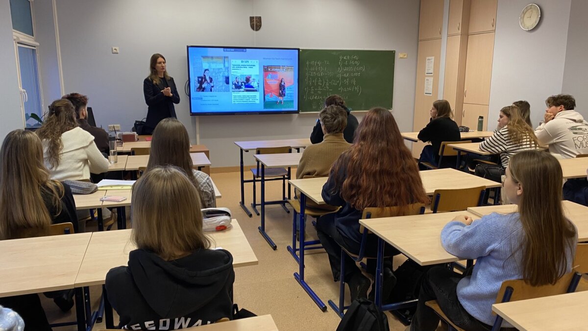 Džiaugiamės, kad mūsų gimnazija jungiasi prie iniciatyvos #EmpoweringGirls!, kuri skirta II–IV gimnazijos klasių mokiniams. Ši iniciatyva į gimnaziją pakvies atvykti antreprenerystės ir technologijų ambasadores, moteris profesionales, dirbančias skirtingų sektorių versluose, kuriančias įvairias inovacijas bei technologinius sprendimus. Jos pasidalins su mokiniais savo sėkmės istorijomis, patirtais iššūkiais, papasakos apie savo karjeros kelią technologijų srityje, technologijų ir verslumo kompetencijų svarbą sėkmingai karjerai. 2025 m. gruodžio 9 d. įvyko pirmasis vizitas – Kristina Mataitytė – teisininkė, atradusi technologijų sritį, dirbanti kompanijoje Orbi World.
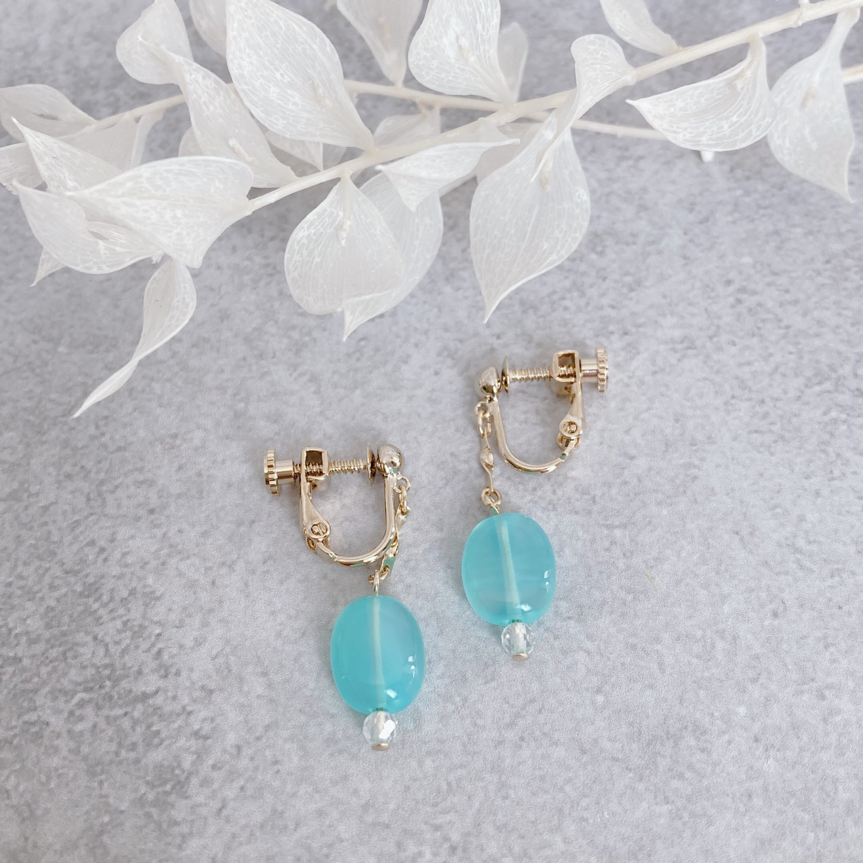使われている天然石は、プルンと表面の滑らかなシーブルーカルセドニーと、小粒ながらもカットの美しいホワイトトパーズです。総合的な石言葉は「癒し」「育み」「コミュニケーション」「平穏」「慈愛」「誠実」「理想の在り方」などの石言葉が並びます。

********************

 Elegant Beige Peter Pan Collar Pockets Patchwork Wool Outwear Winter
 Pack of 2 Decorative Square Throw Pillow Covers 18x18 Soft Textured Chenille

********************

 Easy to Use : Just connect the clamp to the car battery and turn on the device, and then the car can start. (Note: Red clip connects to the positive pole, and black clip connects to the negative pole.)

********************

## REQUIRED ACTION:
Go to the line above that has "Džiaugiamės, kad mūsų" and copy exactly from there down to the line that has "使われている天然石は、プルン", both included. Leave the pictures out.

## ANSWER TO THIS PROBLEM:
 Džiaugiamės, kad mūsų gimnazija jungiasi prie iniciatyvos #EmpoweringGirls!, kuri skirta II–IV gimnazijos klasių mokiniams. Ši iniciatyva į gimnaziją pakvies atvykti antreprenerystės ir technologijų ambasadores, moteris profesionales, dirbančias skirtingų sektorių versluose, kuriančias įvairias inovacijas bei technologinius sprendimus. Jos pasidalins su mokiniais savo sėkmės istorijomis, patirtais iššūkiais, papasakos apie savo karjeros kelią technologijų srityje, technologijų ir verslumo kompetencijų svarbą sėkmingai karjerai. 2025 m. gruodžio 9 d. įvyko pirmasis vizitas – Kristina Mataitytė – teisininkė, atradusi technologijų sritį, dirbanti kompanijoje Orbi World.
使われている天然石は、プルンと表面の滑らかなシーブルーカルセドニーと、小粒ながらもカットの美しいホワイトトパーズです。総合的な石言葉は「癒し」「育み」「コミュニケーション」「平穏」「慈愛」「誠実」「理想の在り方」などの石言葉が並びます。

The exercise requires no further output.